Long-read ONT sequencing identifies novel transcripts in CRC. A Workflow for transcriptome reconstruction based on ONT sequencing data. The FLAIR- SQANTI3 pipeline was adopted to assemble transcripts from long-read ONT data based on GENCODE v34. B Transcript length distribution of different types. C Number of transcripts identified per gene by ONT sequencing. D Percentage of long-read ONT transcripts supported by Short-Read Illumina RNA-seq in 78 CRC and 10 adjacent normal samples. E Percentage of long-read ONT transcripts’ TSSs supported by CAGE peaks, or TTSs supported by 3’-seq peaks or presence of a poly(A) motif

Table 1 ONT long-read sequencing statistics

The aligned reads generated by the ONT platform were then polished and assembled using the FLAIR pipeline [22], yielding an average of ~ 27,000 expressed genes with high confidence (Additional file 2: Table S3). Further quality control and transcript annotations were performed using SQANTI3 [26]. Finally, a total of 90,703 transcripts were identified based on a reference transcriptome (GENCODE v34) with a median transcript length of 2.5 kb (Fig. 1B and Additional file 1: Fig. S2d). These transcripts were mapped to 18,024 annotated genes and 2796 novel loci, and nearly 60% (12,271) of genes have two or more transcripts (Fig. 1C). Among the identified transcripts, 37% (33,913) were full-splice matches (FSM) perfectly matching known transcripts, and 40% (36,489), 17% (15,640), and 0.2% (215) were novel in catalog (NIC; refer to transcripts that containing new combinations of already annotated splice junctions or novel splice junctions formed from already annotated donors and acceptors), novel not in catalog (NNC; refer to transcripts that containing at least one novel junctions), and incomplete-splice matches (ISM; refer to transcripts that matching part of a known transcript), respectively (Additional file 1: Fig. S3a, b). In addition to these four transcript types, we also identified a fraction of other transcripts, such as antisense, genic, fusion, and intergenic types. However, we mainly focused on FSM, NIC, and NNC isoforms, which accounted for the vast majority (> 95%). Novel expressed transcripts (except FSM) account for 43 to 58% of all identified transcripts in individual samples (average = 53%, Additional file 1: Fig. S3a). The intriguing phenomenon is that about half of all identified transcripts are novel (NIC and NNC) in both tumor and normal samples (Additional file 1: Fig. S3b). We randomly selected several novel transcripts and validated them using qRT-PCT (Additional file 1: Fig. S3c). Overall, we identified thousands of novel transcripts in the CRC transcriptome that have not been annotated in the current reference.

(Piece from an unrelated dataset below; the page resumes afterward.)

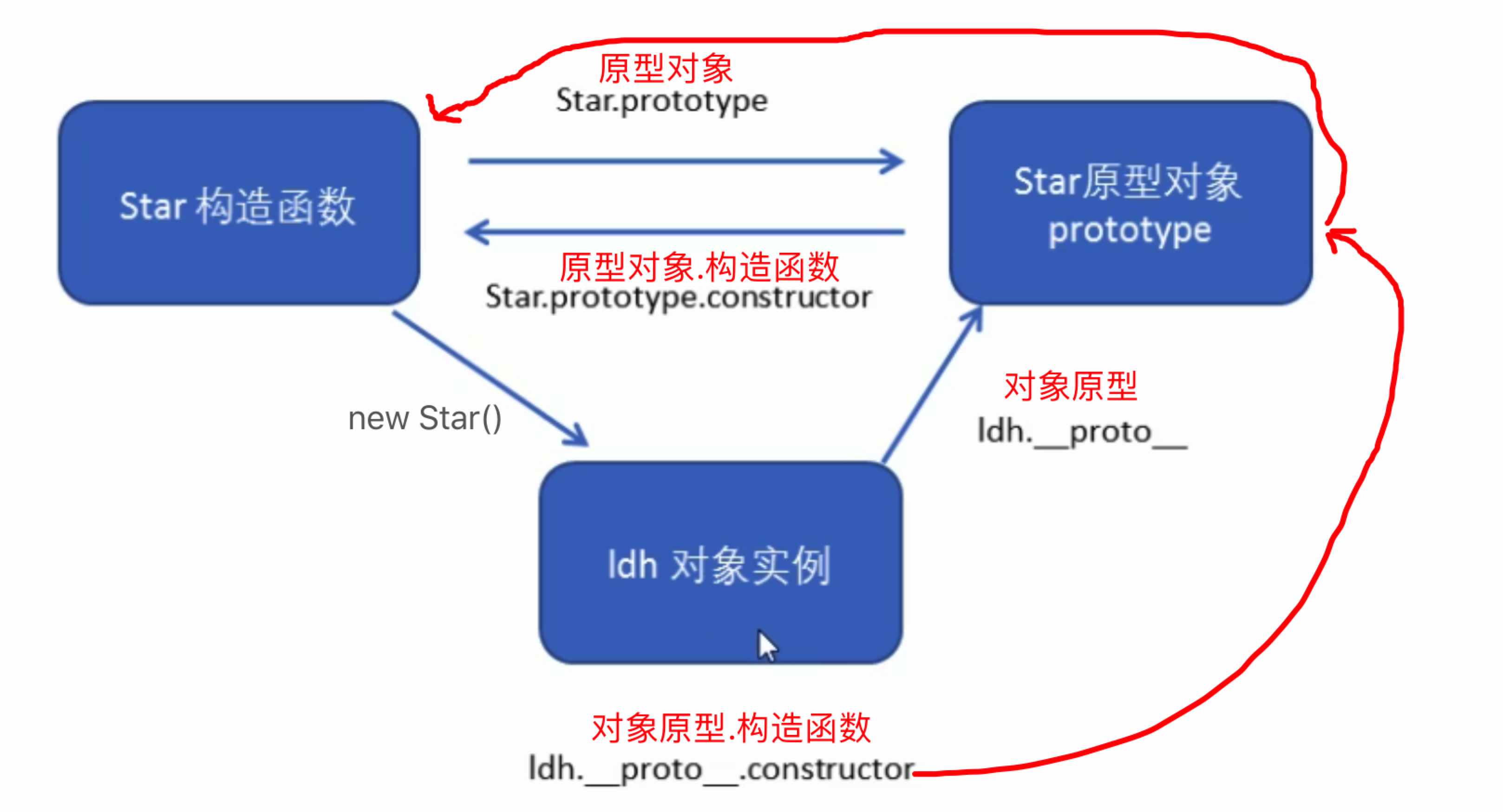 • 对象原型 (__proto__) 和 构造函数(prototype) 原型对象里面都有一个constructor属性,constructor我们成为构造函数,因为他指回构函数本身.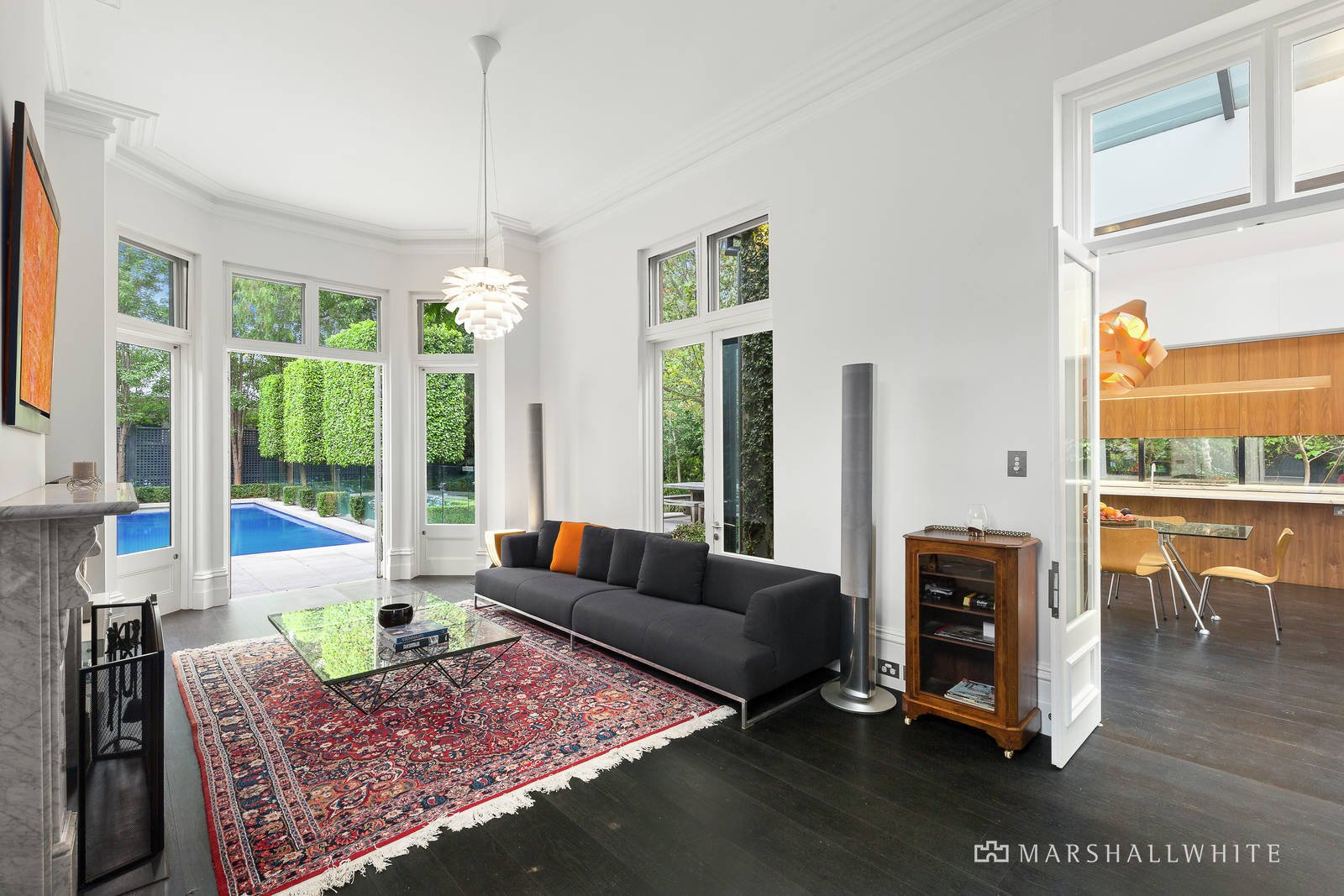 The meticulous restoration of the tuck-pointed facade and tessellated tile return veranda hint at the attention to detail evident throughout the exacting renovation of the stately original principal rooms, while an inspired extension lends another dimension to the house, complementing the grace and charm of the 1880's with contemporary comforts and conveniences to create a truly unique family home.

To validate the reliability of long-read transcripts, we analyzed short-read RNA-seq data by mapping them to the long-read CRC transcriptome. We found that 84% of the FSM transcripts, 71% of the NIC transcripts, and 55% of the NNC transcripts were validated (Fig. 1D). Several NIC and NNC transcripts were validated using Sanger sequencing method (Additional file 1: Fig. S3d). We next used various orthogonal data to further assess the robustness of these transcripts, including CAGE (Cap Analysis Gene Expression, which measures the 5’ end of transcripts), 3’-seq (which measures the ploy(A) tail of transcripts), and some intrinsic sequencing properties. Benchmarking the novel transcripts against the FSM transcripts, we found that the 3’ ends of novel transcripts were supported by both poly(A) motifs detected by SQANTI3 and bona fide TTS (transcription termination sites provided by 3’-seq assays). The 5’ ends of novel transcripts also showed comparable quality to FSM transcripts (Fig. 1E). For example, our long-read ONT CRC transcriptome identified a novel CDA transcript derived from an alternative TSS (transcription start site), which is supported by proximal CAGE peaks. We also found PPIH transcripts with a novel TTS supported by 3’-seq (Additional file 1: Fig. S3e, f). For some intrinsic sequencing properties, all identified transcripts exhibited an extremely low rate of non-canonical junction usage and reverse transcriptase template switching artifacts (Fig. 1G). Most transcripts (33,271, 58%), particularly novel transcripts, were expressed in only one sample, and 3513 isoforms (6%) were detected in all samples (Additional file 1: Fig. S3g). Notably, rarefaction curve analysis revealed that the discovery of known transcripts reached saturation, yet the discovery of novel transcripts remained unsaturated (Additional file 1: Fig. S3h). Our study provides a high-resolution annotation for the CRC transcriptome.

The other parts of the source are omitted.